The ruling by the 42nd Civil Chamber of the Regional Court of Munich I (judgment of November 11, 2025, case no. 42 O 14139/24) was a landmark decision. GEMA brought an action against two companies in the Open AI Group for injunctive relief, damages and information. The central question was whether the defendant language models were illegally reproducing and reproducing copyrighted song lyrics.
The Munich judges ruled in favor of the plaintiff and thus handed down a groundbreaking judgment that explicitly deals with the copyright liability of AI models.
Legal basis of the claims asserted
At the heart of the case was the question of whether the AI models memorized and thus reproduced copyrighted texts. According to the court, reproduction within the meaning of Section 16 UrhG and Art. 2 InfoSoc Directive already exists if copyright-protected works are reproducibly contained in the so-called model parameters of an AI model. These parameters consist of values in which the knowledge acquired by the AI through training is defined. The decisive factor here is not that the information is only stored as probabilities, but that it also remains technically perceptible.
The defendant OpenAI invoked the limitation for text and data mining provided for in Section 44b UrhG and argued that the use of corresponding training data was exclusively for analysis purposes. This did not convince the court.
No permitted text and data mining
In the opinion of the court, this limitation of copyright only applies if mere information is extracted when training the models, but not complete works are reproduced. The court also denied an analogous application of Section 44b UrhG due to a lack of comparable interests.
The non-essential accessory under Section 57 UrhG is also not relevant, as the song lyrics represent central content and cannot be considered incidental components of the training data set.
The issue of responsibility was another key point in the Munich ruling. The judges agree: the operators of the language models are responsible for copyright-infringing reproductions, as the results of the AI are the direct result of the model training that took place beforehand. The end user is therefore unable to recognize whether an AI model produces copyrighted texts.
Possible consequences of the procedure for rights holders and AI providers
The ruling is likely to have a significant impact on the AI sector even before it becomes legally binding: It makes it clear that copyright law is also applicable to the new challenges posed by the AI revolution and that technical innovation must not be at the expense of creative people.
Frequently asked questions
Is an AI provider allowed to use copyrighted works for training purposes?
This is a matter of debate. GEMA is taking legal action against OpenAI because it considers the use of copyrighted song lyrics without a license to be unlawful. A ruling by the highest court is pending.

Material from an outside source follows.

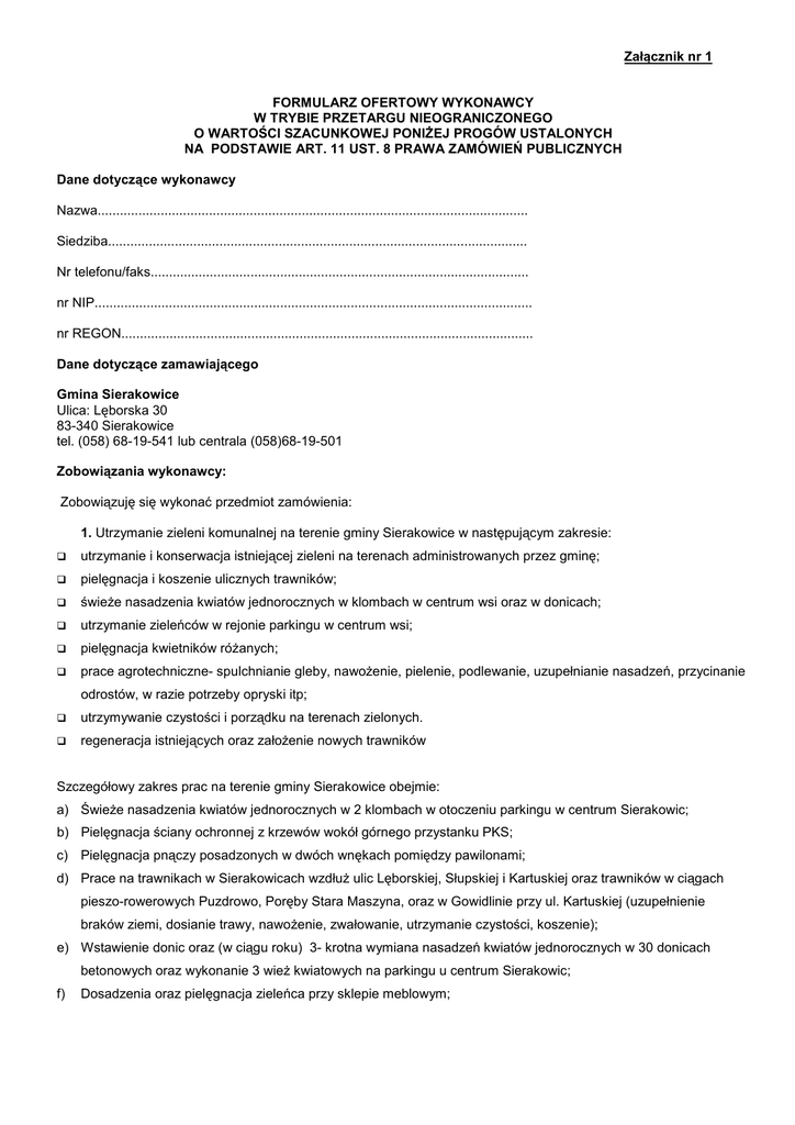 formularz ofertowy - Gmina Sierakowice
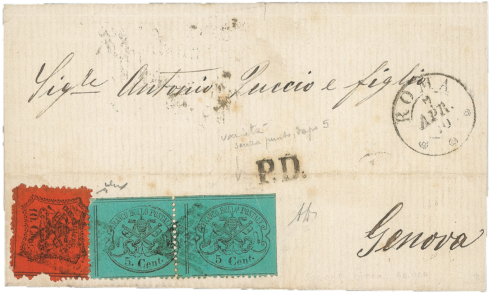 Antichi Stati Italiani - Stato pontificio - Lettera (25 + 25h + 26 cat.700)Lettera affrancata con coppia del 5 cent azzurro chiaro con un esemplare senza punto dopo la cifra + 10 cent arancio vermiglio (25 + 25h + 26 cat.700) da Roma 7 APR. 70 per Genova con bollo P.D. - firma AD e Chiavarello

Does the text-and-data-mining exception (Section 44b of the German Copyright Act) apply?
AI providers cite this provision. However, rights holders can object to such use (opt-out). Whether this exception covers AI training has not been clarified by the courts.
What does this dispute mean for creative professionals?
The question is whether and how creators will be compensated for the use of their works by AI. Anyone who creates copyrighted works should keep an eye on exploitation rights and possible opt-outs.